▶ Problem statement: Below this line is a set of entries; quote exactly the lines from the line that contains "MEMO BOX ESPIRAL" to the line that contains "-. Binding : Health", both lines included.

▶ Material for the task:
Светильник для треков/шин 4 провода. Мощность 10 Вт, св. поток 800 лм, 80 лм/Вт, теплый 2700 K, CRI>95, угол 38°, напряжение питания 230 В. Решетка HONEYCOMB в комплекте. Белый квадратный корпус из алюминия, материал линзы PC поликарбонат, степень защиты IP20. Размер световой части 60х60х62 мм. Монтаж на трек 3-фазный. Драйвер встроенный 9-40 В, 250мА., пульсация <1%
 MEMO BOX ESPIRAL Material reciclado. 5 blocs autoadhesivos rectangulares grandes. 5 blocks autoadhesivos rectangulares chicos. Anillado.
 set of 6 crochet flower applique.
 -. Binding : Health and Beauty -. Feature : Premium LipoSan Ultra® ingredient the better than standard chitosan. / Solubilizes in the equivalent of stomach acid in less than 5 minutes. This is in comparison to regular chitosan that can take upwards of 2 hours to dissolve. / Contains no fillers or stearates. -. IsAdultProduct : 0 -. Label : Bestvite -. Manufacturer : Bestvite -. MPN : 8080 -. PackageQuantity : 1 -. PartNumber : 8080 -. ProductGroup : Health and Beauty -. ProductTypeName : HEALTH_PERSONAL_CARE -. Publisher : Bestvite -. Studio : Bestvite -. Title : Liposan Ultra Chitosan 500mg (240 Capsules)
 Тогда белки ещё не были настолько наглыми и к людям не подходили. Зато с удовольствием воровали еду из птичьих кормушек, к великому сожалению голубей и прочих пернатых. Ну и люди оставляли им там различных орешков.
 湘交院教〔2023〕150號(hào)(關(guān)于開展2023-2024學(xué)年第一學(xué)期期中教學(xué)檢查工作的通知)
---
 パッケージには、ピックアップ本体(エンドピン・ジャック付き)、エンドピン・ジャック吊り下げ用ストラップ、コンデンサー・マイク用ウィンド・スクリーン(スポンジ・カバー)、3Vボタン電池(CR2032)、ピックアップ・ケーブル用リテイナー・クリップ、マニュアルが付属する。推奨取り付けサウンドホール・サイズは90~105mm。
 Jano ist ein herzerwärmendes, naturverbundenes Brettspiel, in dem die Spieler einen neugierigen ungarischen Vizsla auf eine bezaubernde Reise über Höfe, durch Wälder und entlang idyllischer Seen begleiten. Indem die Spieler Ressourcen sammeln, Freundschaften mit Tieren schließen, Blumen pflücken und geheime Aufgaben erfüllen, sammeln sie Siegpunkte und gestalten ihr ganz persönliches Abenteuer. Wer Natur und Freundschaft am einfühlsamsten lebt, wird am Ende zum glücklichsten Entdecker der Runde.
==
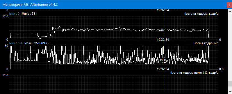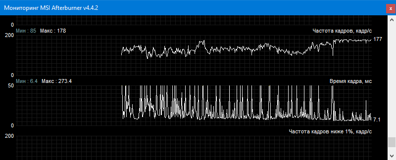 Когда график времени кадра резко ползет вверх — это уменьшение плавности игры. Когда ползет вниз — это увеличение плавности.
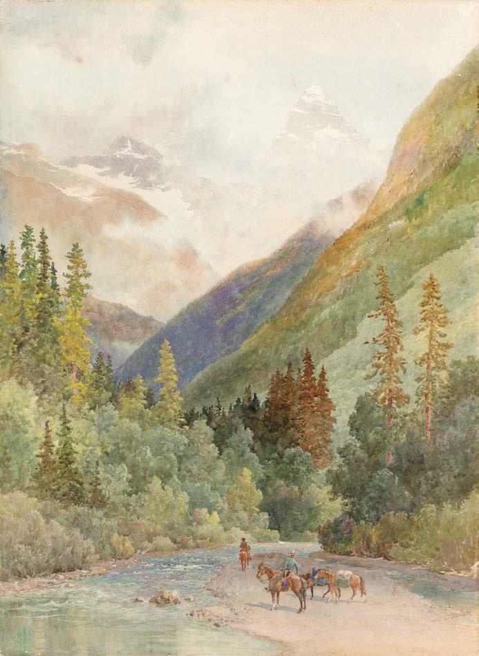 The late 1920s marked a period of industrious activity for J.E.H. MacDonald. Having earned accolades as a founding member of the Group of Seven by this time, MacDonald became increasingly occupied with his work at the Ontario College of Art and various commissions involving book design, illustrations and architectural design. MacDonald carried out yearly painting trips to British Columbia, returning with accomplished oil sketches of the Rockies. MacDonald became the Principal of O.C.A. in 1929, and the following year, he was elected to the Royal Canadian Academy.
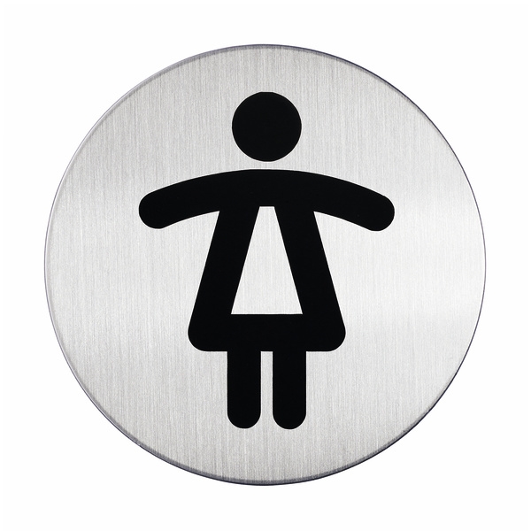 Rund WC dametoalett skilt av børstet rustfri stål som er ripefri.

▶ Task result:
 MEMO BOX ESPIRAL Material reciclado. 5 blocs autoadhesivos rectangulares grandes. 5 blocks autoadhesivos rectangulares chicos. Anillado.
 set of 6 crochet flower applique.
 -. Binding : Health and Beauty -. Feature : Premium LipoSan Ultra® ingredient the better than standard chitosan. / Solubilizes in the equivalent of stomach acid in less than 5 minutes. This is in comparison to regular chitosan that can take upwards of 2 hours to dissolve. / Contains no fillers or stearates. -. IsAdultProduct : 0 -. Label : Bestvite -. Manufacturer : Bestvite -. MPN : 8080 -. PackageQuantity : 1 -. PartNumber : 8080 -. ProductGroup : Health and Beauty -. ProductTypeName : HEALTH_PERSONAL_CARE -. Publisher : Bestvite -. Studio : Bestvite -. Title : Liposan Ultra Chitosan 500mg (240 Capsules)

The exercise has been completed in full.